**Problem to work on**
Set down all of the data that follows word for word, without the images.

**Data segment**
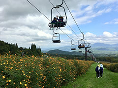 黒姫スキー場に着くと、たくさんのダリアやコスモスがお出迎え。リフトに乗って、花の上の空中散歩を楽しみました。リフトが初めてで不安そうだった子も「また乗りたい!」と、とても気に入っていました。
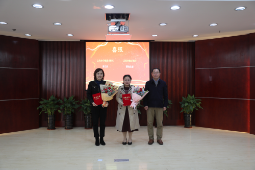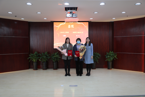 邵建达为获得“上海巾帼文明岗”荣誉称号的研究生部金黎慧副主任以及获得“上海市巾帼建功标兵”荣誉称号的漆云凤颁奖。
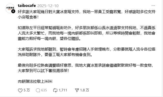 突如其來的生意爆紅,令店主和員工措手不及。據店主女兒朋友透露,店主近日「做到傻(開心嘅)」,要清晨起床準備食材。人手及貨源不足下,店舖甚至建議顧客到對面買白飯配肉餅。這兩天,肉餅飯已經需要限購。

**Result**
 黒姫スキー場に着くと、たくさんのダリアやコスモスがお出迎え。リフトに乗って、花の上の空中散歩を楽しみました。リフトが初めてで不安そうだった子も「また乗りたい!」と、とても気に入っていました。
 邵建达为获得“上海巾帼文明岗”荣誉称号的研究生部金黎慧副主任以及获得“上海市巾帼建功标兵”荣誉称号的漆云凤颁奖。
 突如其來的生意爆紅,令店主和員工措手不及。據店主女兒朋友透露,店主近日「做到傻(開心嘅)」,要清晨起床準備食材。人手及貨源不足下,店舖甚至建議顧客到對面買白飯配肉餅。這兩天,肉餅飯已經需要限購。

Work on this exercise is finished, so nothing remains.